DATASET —
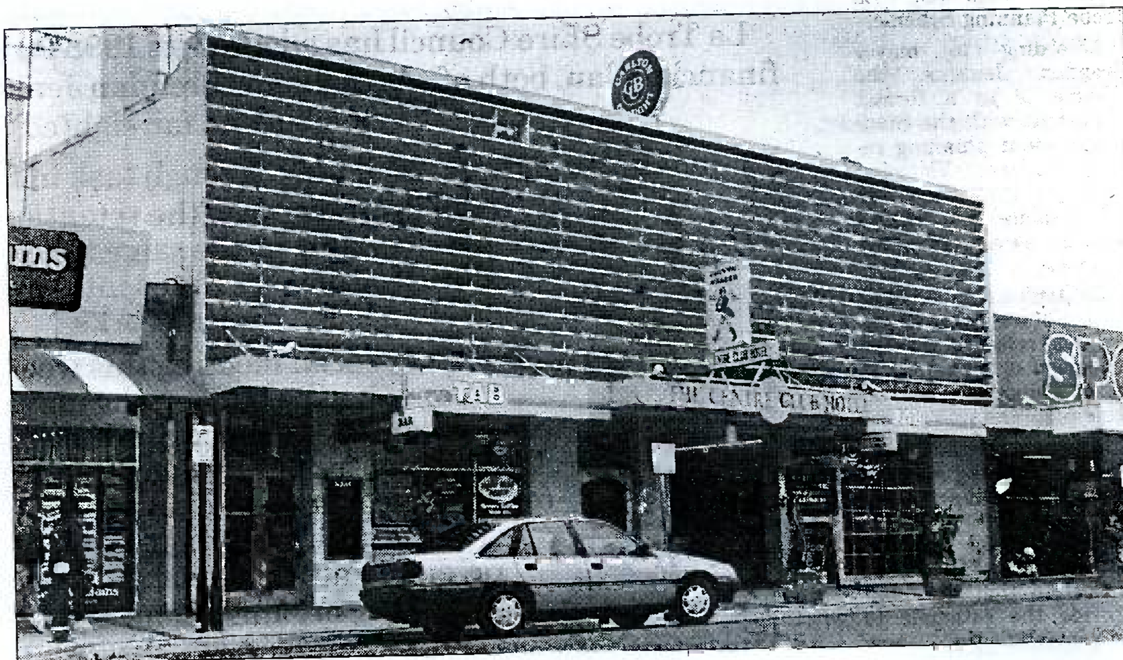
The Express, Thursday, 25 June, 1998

...

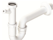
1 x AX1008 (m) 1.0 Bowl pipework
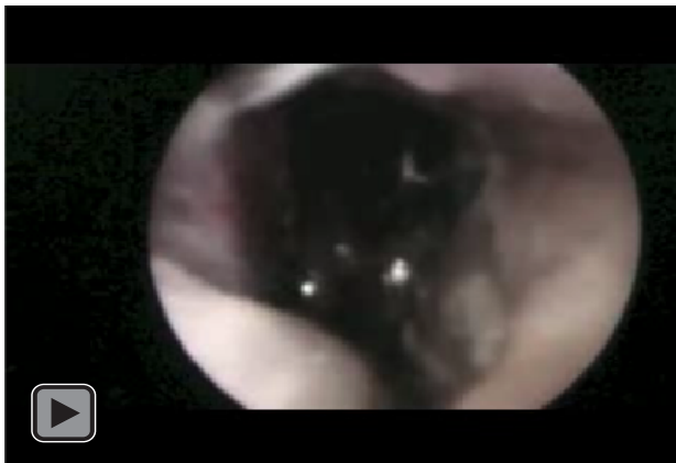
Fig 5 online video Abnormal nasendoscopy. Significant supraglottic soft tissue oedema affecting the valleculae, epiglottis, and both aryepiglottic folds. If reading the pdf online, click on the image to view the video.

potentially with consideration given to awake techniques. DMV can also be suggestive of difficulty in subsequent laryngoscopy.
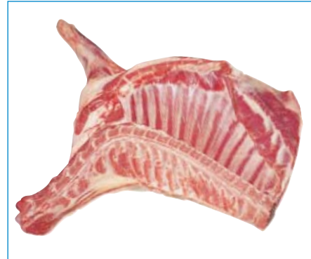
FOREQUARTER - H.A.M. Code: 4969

EXERCISE INSTRUCTIONS — In the records above, everything from the line with "1 x AX1008 (m) 1.0 Bowl pipework" down to the line with "FOREQUARTER - H.A.M. Code: 4969" must be duplicated exactly, both lines kept. Leave no pictures in.

RESULT FOR THIS EXERCISE —
1 x AX1008 (m) 1.0 Bowl pipework
Fig 5 online video Abnormal nasendoscopy. Significant supraglottic soft tissue oedema affecting the valleculae, epiglottis, and both aryepiglottic folds. If reading the pdf online, click on the image to view the video.

potentially with consideration given to awake techniques. DMV can also be suggestive of difficulty in subsequent laryngoscopy.
FOREQUARTER - H.A.M. Code: 4969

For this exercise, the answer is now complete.